# Thoughts on physical custody?



## one_strange_otter (Aug 26, 2008)

My stbxw and I still live together with the kids. We have thrown every option on the table as far as physical custody goes and tried to weigh the benefits of each. At first I was adamant about not being a weekend parent. So we compromised on a 7 day rotation that begins each Monday. But lately I'm wondering if that would end up really being the best thing. Honestly I don't miss the kids the way she does. It sounds horrible to say that but I'm just better at realizing that the time away is temporary. Right now we alternate weekends as alone time with the kids and the other parent goes away to a friend or relatives house. We did this thinking it would help ease them into the eventual transition to full time separation. Last weekend I took them to my mothers for 3 days since we had the holiday off. My wife was posting up on facebook how much she missed them and commenting on each and every fb post I made about what we were doing. She says when they are gone that all she can think about is what they are doing. I don't get anxious like that. When I'm gone I just rest assured that they are safe with her and not sitting by the door waiting for the moment for me to get back. What do you guys think?


----------



## Conrad (Aug 6, 2010)

Men are wired to love their wives.

Women are wired to love their children


----------



## one_strange_otter (Aug 26, 2008)

Very insightful Conrad. I suppose I don't really feel a need to be around my children constantly. I spend time with them individually and as a group. I'm my eight year old sons Cub scout den leader so we do that together. How many other kids can look at the guy in the uniform and say "that's my dad"? I take my four year old with me at least once a week to the grocery store and do some shopping with him. We also wrestle around on the couch and he get's plenty of superman flights around the living room. My daughter gets my time also though not as much as the boys since she is eleven and really gravitating towards her mother more since they are sharing so many "lady problems" during the month and she feels better confiding in her than me. Should I feel bad that I'm not worrying myself to death every minute I'm not around them? Because I don't. I trust in the people that I leave them with like their mother, teachers, etc.


----------



## lamaga (May 8, 2012)

Otter, your approach sounds much healthier to me -- both for you and for the children. Children were not meant to bear the burden of being a parent's sole reason for existence.


----------



## one_strange_otter (Aug 26, 2008)

lamaga said:


> Otter, your approach sounds much healthier to me -- both for you and for the children. Children were not meant to bear the burden of being a parent's sole reason for existence.

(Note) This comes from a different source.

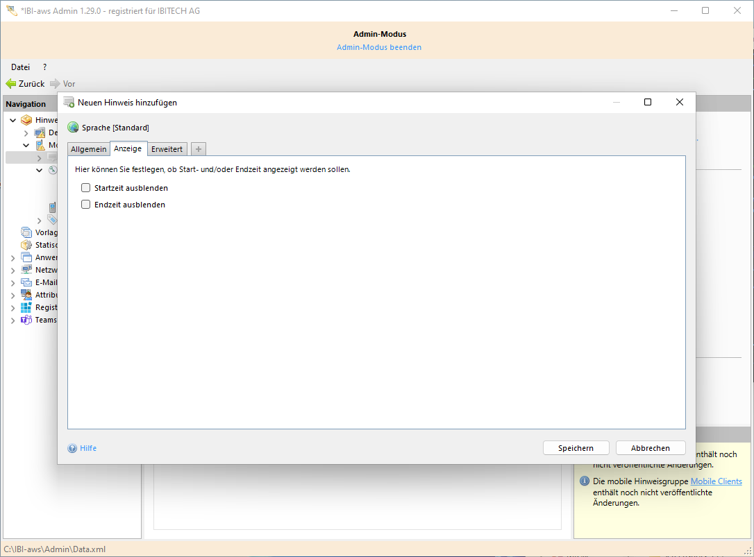 Im Bereich Anzeige können bei Bedarf die Start- und/oder Endzeit ausgeblendet werden

Meaning the weekly rotation or the standard visitation?


----------



## lamaga (May 8, 2012)

Oh, I wasn't speaking of the rotation or the visitation,but of your attitude -- which is that you enjoy your children when you are with them, but you are capable of letting them go about their life without obsessing.


----------



## one_strange_otter (Aug 26, 2008)

lamaga said:


> Oh, I wasn't speaking of the rotation or the visitation,but of your attitude -- which is that you enjoy your children when you are with them, but you are capable of letting them go about their life without obsessing.


Oh, well thanks. Yeah it's weird that she will end up with all of them on the bed with her and that's great for a little while but they can spend hours doing that. For some reason I don't like to be crowded that way but I love showing them how to do things. Like getting them to help me with car maintenance even if it's just pouring in the oil at the end. My four year old loves "helping" when i'm under the car by grabbing just about any wrench and going about tapping on the parts under the car. I always make sure to tell him good job. The older two spend so much time in the car with me every day that by the time we get home they really aren't that interested in spending more time with me. And honestly, no one gets real excited about helping me mow the yard either but that I don't really blame them on. I had 2 acres to keep landscaped growing up so I've had my share of "fun in the sun".


----------



## I want the kids! (Apr 17, 2012)

Sorry to jack your post but I feel the need to make a comment that will help me and maybe you too? I'm not to the point you are and my situation is a little different but I am glad that you can see what is better for your kids or at least try to look at this from the kids point of view.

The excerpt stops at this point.